What to work on: Each line in the material below, starting at the one with "Dua mesin pengorek terowong konkrit SMART" and ending at the one with "இதனிடையே மோடியின் வருகை", is to be reproduced exactly; no picture is to be copied.

Task input:
____________

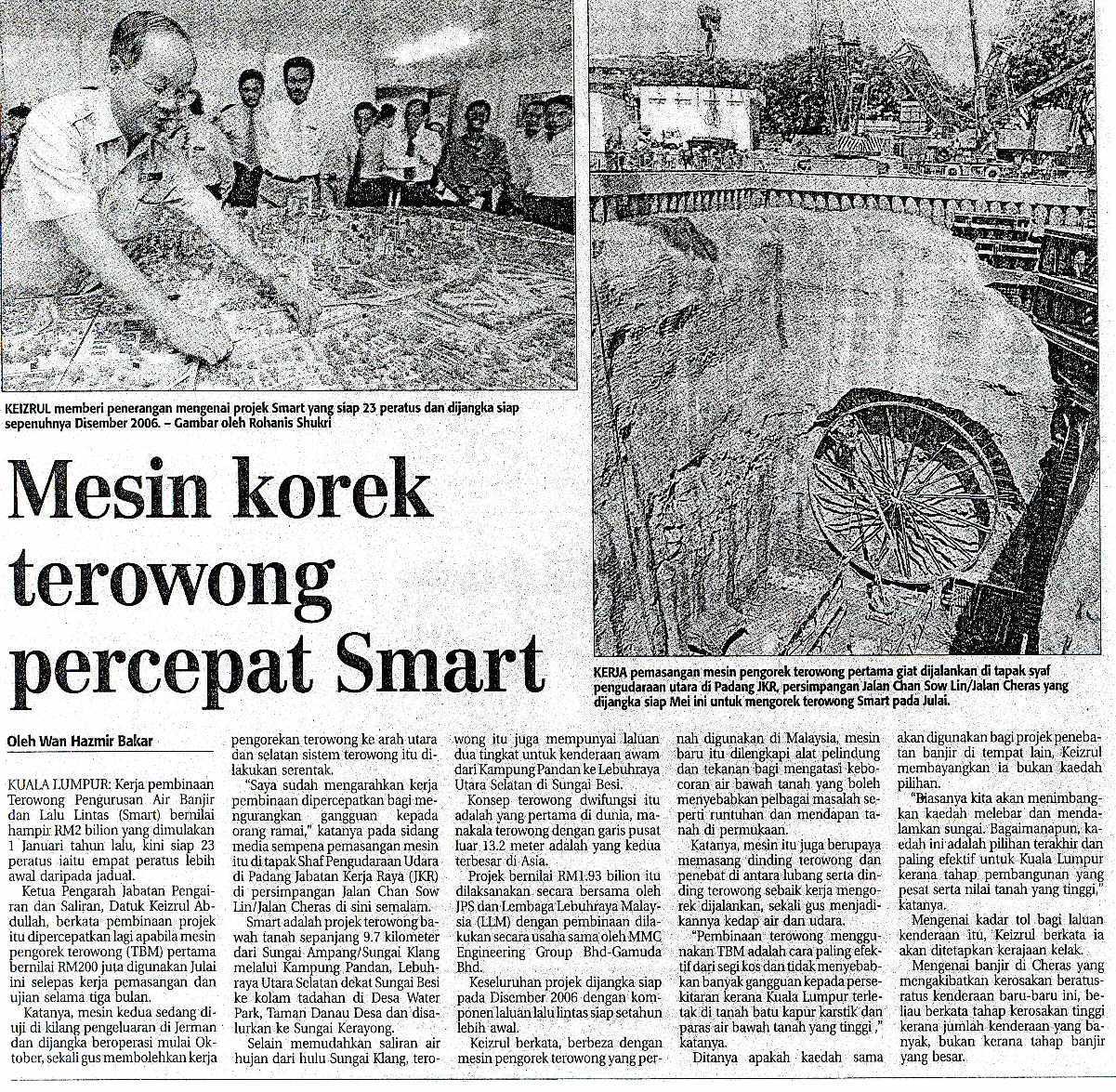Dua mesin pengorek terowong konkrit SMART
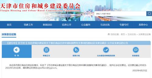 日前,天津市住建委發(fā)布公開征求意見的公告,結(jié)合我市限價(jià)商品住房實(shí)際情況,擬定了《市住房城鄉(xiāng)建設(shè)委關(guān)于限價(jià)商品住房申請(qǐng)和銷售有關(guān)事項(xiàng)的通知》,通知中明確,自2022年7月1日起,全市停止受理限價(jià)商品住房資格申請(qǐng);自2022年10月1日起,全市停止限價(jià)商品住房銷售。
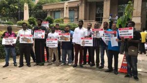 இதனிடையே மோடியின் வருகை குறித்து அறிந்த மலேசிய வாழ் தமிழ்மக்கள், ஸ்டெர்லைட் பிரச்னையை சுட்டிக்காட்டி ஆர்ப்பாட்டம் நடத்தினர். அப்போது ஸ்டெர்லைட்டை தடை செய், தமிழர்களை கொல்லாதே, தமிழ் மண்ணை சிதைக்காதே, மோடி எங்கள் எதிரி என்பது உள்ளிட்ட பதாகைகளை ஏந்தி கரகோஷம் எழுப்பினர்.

____________

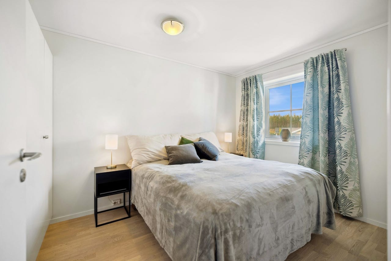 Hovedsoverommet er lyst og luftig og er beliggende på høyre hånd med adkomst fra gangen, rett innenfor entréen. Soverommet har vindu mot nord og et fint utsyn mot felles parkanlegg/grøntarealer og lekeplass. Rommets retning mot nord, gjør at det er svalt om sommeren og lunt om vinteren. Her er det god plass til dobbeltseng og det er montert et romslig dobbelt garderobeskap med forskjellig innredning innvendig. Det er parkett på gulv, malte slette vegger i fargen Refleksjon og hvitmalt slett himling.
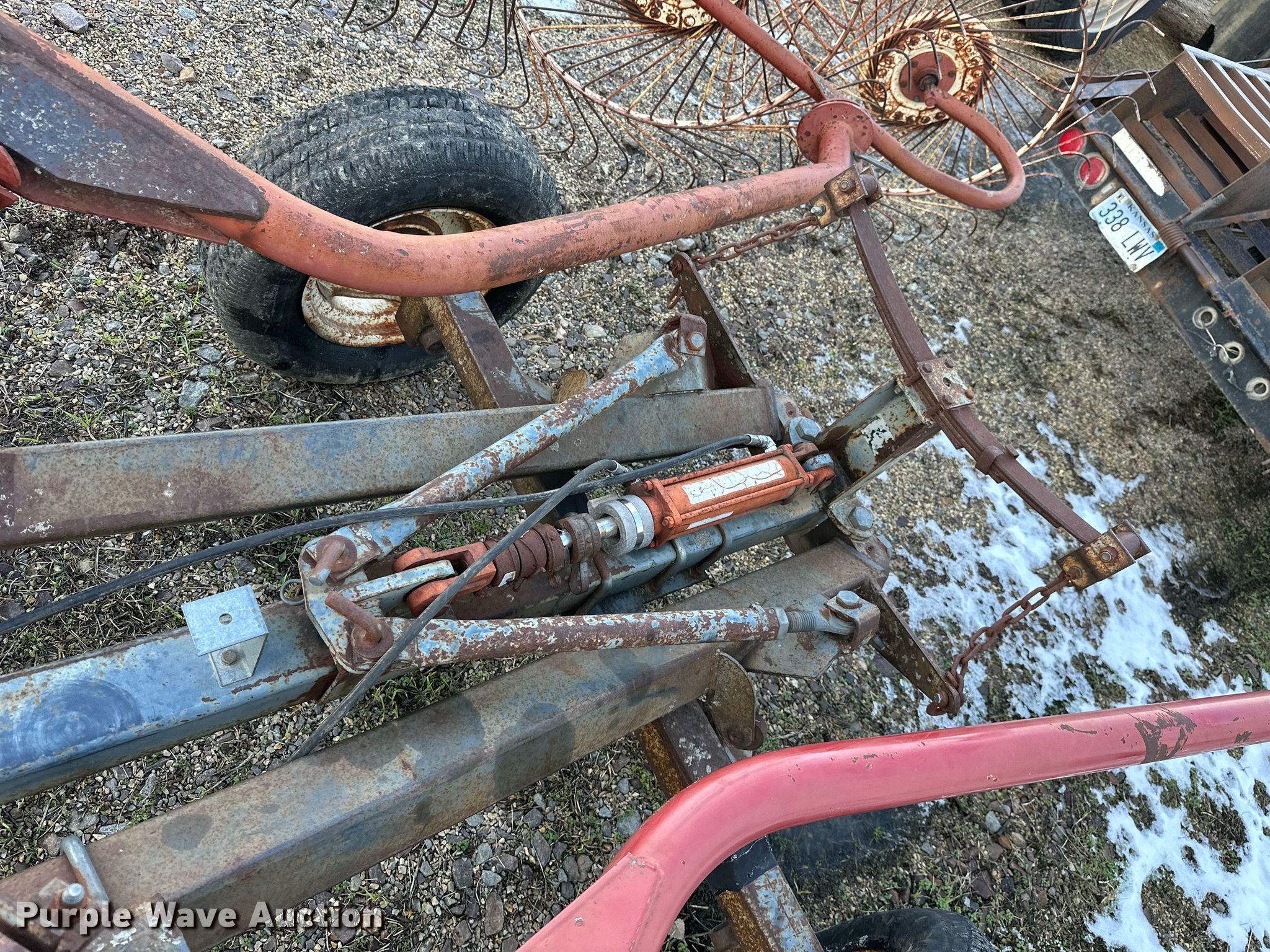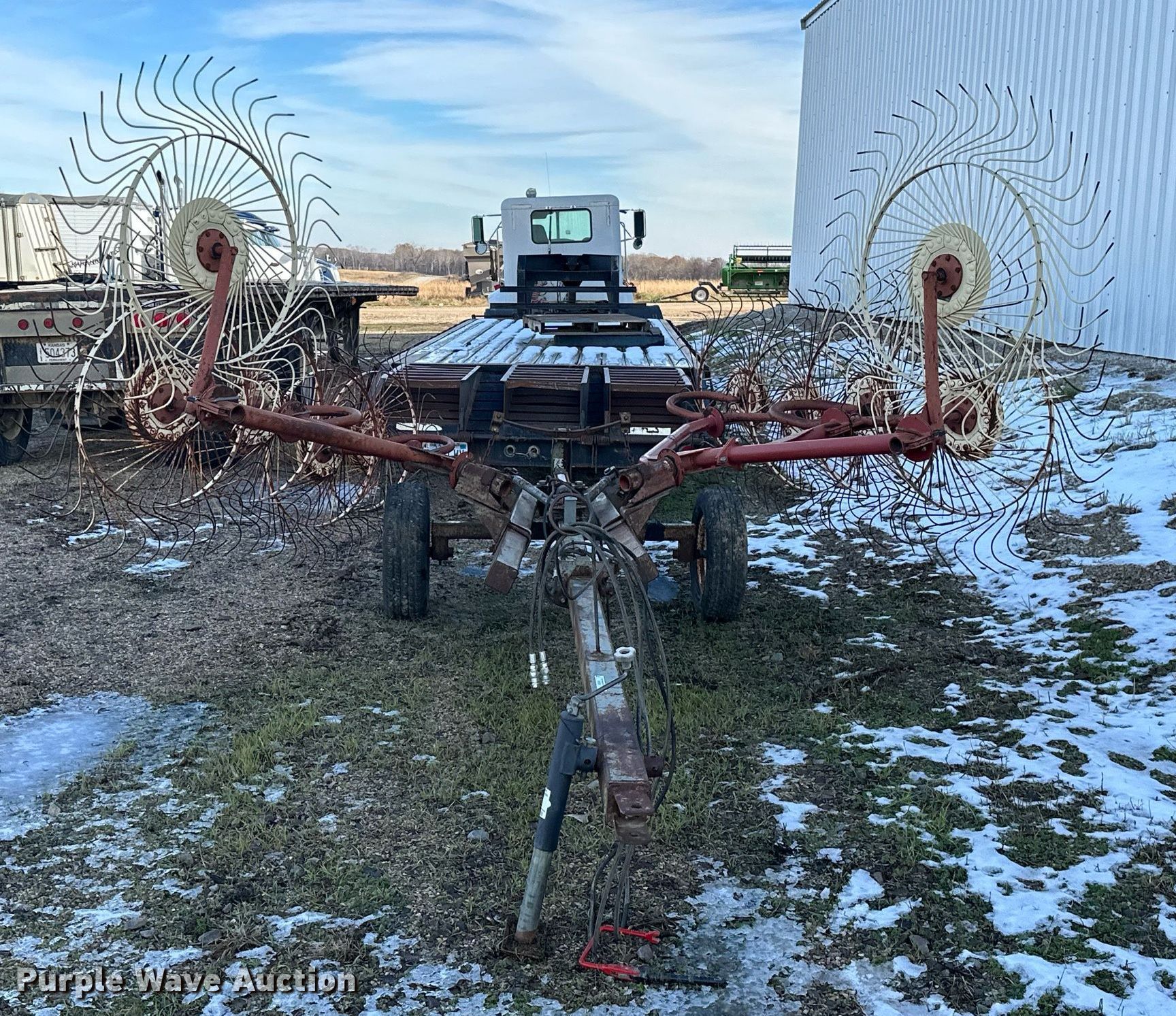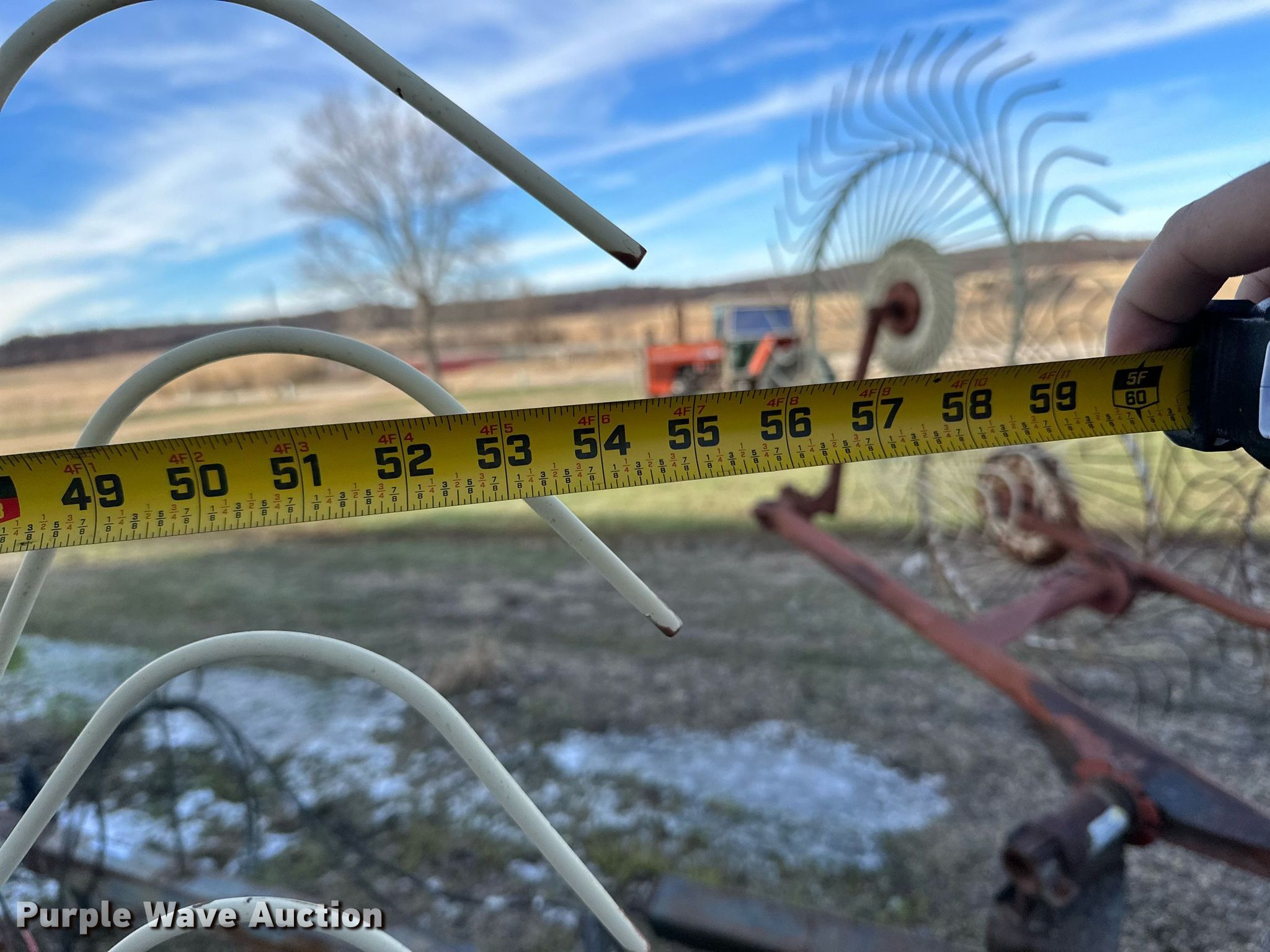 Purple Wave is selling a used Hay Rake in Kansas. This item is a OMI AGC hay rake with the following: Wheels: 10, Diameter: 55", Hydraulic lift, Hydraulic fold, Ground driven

____________

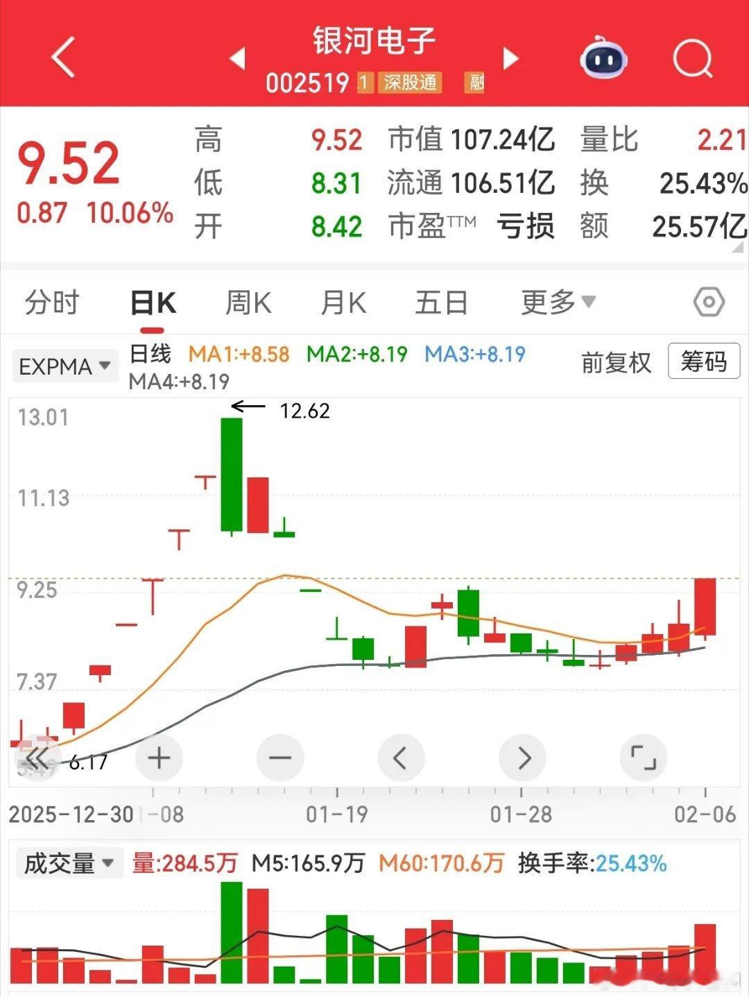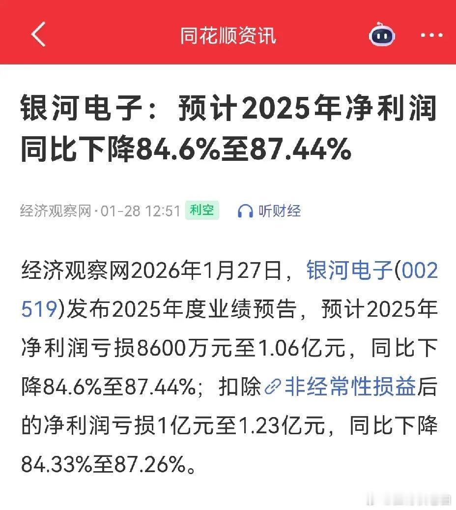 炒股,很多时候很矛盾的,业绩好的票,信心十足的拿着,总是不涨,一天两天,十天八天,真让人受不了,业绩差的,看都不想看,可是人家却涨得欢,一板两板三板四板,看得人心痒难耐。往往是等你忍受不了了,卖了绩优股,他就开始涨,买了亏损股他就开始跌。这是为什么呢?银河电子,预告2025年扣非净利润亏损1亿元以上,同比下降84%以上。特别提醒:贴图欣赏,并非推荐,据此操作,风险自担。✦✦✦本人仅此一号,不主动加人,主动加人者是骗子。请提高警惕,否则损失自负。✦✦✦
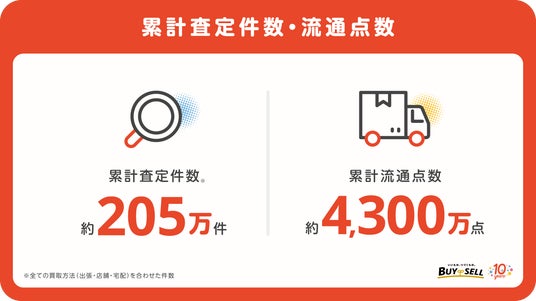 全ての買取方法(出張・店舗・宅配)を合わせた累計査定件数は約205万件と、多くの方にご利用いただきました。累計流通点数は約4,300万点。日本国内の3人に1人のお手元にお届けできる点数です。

____________

Task result:
Dua mesin pengorek terowong konkrit SMART
 日前,天津市住建委發(fā)布公開征求意見的公告,結(jié)合我市限價(jià)商品住房實(shí)際情況,擬定了《市住房城鄉(xiāng)建設(shè)委關(guān)于限價(jià)商品住房申請(qǐng)和銷售有關(guān)事項(xiàng)的通知》,通知中明確,自2022年7月1日起,全市停止受理限價(jià)商品住房資格申請(qǐng);自2022年10月1日起,全市停止限價(jià)商品住房銷售。
 இதனிடையே மோடியின் வருகை குறித்து அறிந்த மலேசிய வாழ் தமிழ்மக்கள், ஸ்டெர்லைட் பிரச்னையை சுட்டிக்காட்டி ஆர்ப்பாட்டம் நடத்தினர். அப்போது ஸ்டெர்லைட்டை தடை செய், தமிழர்களை கொல்லாதே, தமிழ் மண்ணை சிதைக்காதே, மோடி எங்கள் எதிரி என்பது உள்ளிட்ட பதாகைகளை ஏந்தி கரகோஷம் எழுப்பினர்.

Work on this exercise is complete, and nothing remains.